Hard Choices: From 'Business Guy' to Football CoachBy
When Joe Moglia was hired as head coach of the Coastal Carolina Chanticleers two years ago, the appeal seemed to lie more in his pocketbook than his playbook. The former TD Ameritrade chief executive had just led the Omaha Nighthawks to a 1-5 record in the second-tier United Football League, following two seasons of volunteering with the University of Nebraska Cornhuskers. Before that, he’d spent a few years as a defensive coordinator at Dartmouth. In between, he’d amassed a fortune on Wall Street.

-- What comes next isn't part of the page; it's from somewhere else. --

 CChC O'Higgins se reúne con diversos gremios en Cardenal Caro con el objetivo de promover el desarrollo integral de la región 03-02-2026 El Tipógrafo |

It turns out Moglia has more to offer than money. After leading Carolina to a Big South championship and the second round of the NCAA Division I Football Championship, Moglia has been named one of five finalists for the Liberty Mutual FCS Coach of the Year Award. (The winner will be announced on Jan. 7.) He’s also a finalist for the Eddie Robinson Coach of the Year Award, which is decided by the Sports Network.

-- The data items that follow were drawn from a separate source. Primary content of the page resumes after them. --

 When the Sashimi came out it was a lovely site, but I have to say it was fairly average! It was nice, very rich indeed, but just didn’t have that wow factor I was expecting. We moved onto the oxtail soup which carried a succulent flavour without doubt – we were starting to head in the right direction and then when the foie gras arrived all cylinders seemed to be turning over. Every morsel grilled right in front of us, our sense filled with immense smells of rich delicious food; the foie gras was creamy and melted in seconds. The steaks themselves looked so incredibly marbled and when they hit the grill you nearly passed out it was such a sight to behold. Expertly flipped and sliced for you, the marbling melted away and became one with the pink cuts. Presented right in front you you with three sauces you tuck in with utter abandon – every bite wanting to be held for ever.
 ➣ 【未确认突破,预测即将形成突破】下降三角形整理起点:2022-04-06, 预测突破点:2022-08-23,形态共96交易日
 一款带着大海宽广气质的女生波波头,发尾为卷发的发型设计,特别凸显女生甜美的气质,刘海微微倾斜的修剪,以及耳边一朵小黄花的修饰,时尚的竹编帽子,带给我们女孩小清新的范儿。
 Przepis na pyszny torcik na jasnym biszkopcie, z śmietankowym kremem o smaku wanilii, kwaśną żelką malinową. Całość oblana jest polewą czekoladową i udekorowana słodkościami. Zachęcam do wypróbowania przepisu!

Moglia, 64, talked with Senior Editor Diane Brady about his quest to be a coach.
“In summer 2008, when Wall Street was imploding, we had our sixth record year in a row. The timing was right for me to retire as CEO. I thought I might learn how to play the piano or speak Italian. Then [Franklin Resources Chairman] Charlie Johnson phoned to say the head coaching job at Yale might open up and I should consider it.
That got my juices flowing. The toughest career decision I ever had was when I left coaching in 1983. I had the opportunity to join the staff at the University of Miami, but I was going through a divorce. My four young kids lived in New Hampshire. A football coach works four months without a day off, and I couldn’t afford to fly the kids back and forth. I turned down that job and became an institutional bond salesman at Merrill Lynch.
Charlie’s call got me thinking. Over the next several months, I filled out legal pads with ideas. Warren Buffett and I have dinners periodically. At one of those dinners, I said, ‘Warren, guess what I’m thinking about? I want to go back to coaching.’ He said, ‘As long as that’s something you really love, you should pursue it. But you got to get the right job. You don’t want to go just any place.’
I knew I’d be an unconventional choice, but I thought if someone truly assessed my skill sets, they’d see they line up really well. I was a little surprised at how few athletic directors or college presidents would go through that process. They just dismissed me as someone who clearly would not be qualified, as I hadn’t coached for a while. They didn’t even want to talk to me.
I needed to network and get the rust off. I’d decided to go back to coaching around Thanksgiving of 2008. By now, it was April. I needed a place to sharpen my skill sets. I had a meeting with [University of Nebraska head coach] Bo Pelini and asked if he’d consider letting me take an unpaid internship. He did. It was an incredible opportunity. When I went back to Nebraska a second time in 2010, there was a change in perception. People thought I was a business guy who wanted to coach. Now they knew I was a coach getting back to coaching. In October 2010, I was offered a coaching job in the United Football League. I thought I’d go to Virginia, but then the Omaha Nighthawks offered me a job.
A year later, Coastal Carolina University offered me a job as head coach.
We have to be able to compete at the national level. We’re not quite ready to do that, but we’re making good progress. I’ve never been a wild football fan, but I’ve always loved the strategy of the game. To me, it’s advanced chess with 22 people functioning at once with a lot at stake. The game has changed, but it’s still about having a well-executed plan. Hopefully, one day we’ll win a national championship.”